WORK INSTRUCTION:
Please retype the records below exactly, leaving out any pictures.

----

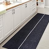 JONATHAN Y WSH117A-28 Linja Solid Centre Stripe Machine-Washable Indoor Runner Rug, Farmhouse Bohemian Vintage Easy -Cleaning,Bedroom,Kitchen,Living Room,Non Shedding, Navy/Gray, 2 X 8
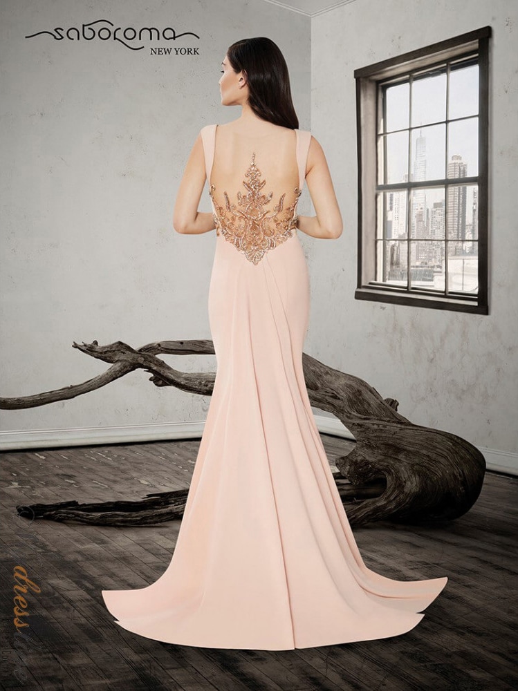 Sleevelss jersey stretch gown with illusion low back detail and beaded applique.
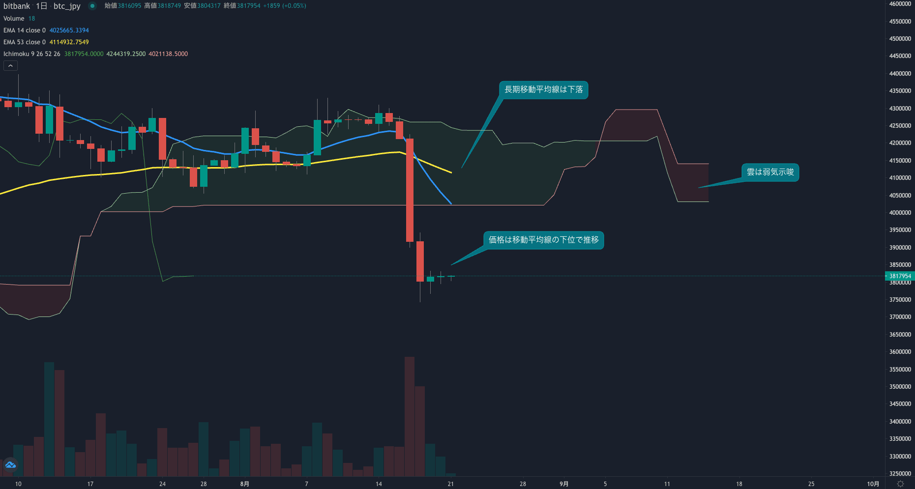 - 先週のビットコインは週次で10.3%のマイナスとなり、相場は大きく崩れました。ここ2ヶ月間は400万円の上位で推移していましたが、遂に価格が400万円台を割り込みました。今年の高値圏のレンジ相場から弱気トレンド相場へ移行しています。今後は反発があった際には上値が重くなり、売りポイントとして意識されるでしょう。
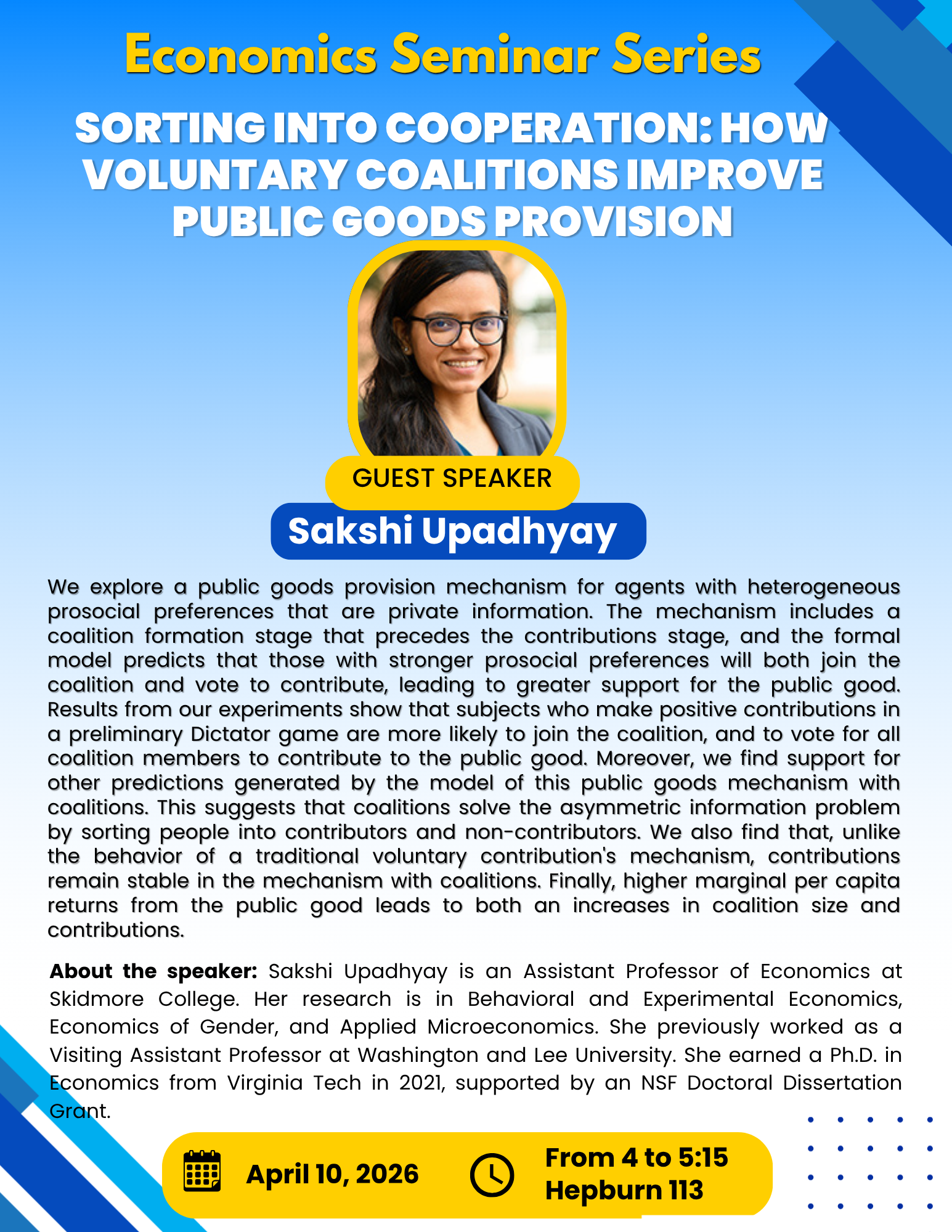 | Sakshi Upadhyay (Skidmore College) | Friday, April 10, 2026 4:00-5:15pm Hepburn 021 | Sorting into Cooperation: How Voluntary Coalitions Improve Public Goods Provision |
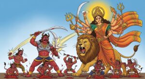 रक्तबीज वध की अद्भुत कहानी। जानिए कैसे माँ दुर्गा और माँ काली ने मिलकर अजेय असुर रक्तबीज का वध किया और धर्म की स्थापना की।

----

RESPONSE BOX:
 JONATHAN Y WSH117A-28 Linja Solid Centre Stripe Machine-Washable Indoor Runner Rug, Farmhouse Bohemian Vintage Easy -Cleaning,Bedroom,Kitchen,Living Room,Non Shedding, Navy/Gray, 2 X 8
 Sleevelss jersey stretch gown with illusion low back detail and beaded applique.
 - 先週のビットコインは週次で10.3%のマイナスとなり、相場は大きく崩れました。ここ2ヶ月間は400万円の上位で推移していましたが、遂に価格が400万円台を割り込みました。今年の高値圏のレンジ相場から弱気トレンド相場へ移行しています。今後は反発があった際には上値が重くなり、売りポイントとして意識されるでしょう。
 | Sakshi Upadhyay (Skidmore College) | Friday, April 10, 2026 4:00-5:15pm Hepburn 021 | Sorting into Cooperation: How Voluntary Coalitions Improve Public Goods Provision |
 रक्तबीज वध की अद्भुत कहानी। जानिए कैसे माँ दुर्गा और माँ काली ने मिलकर अजेय असुर रक्तबीज का वध किया और धर्म की स्थापना की।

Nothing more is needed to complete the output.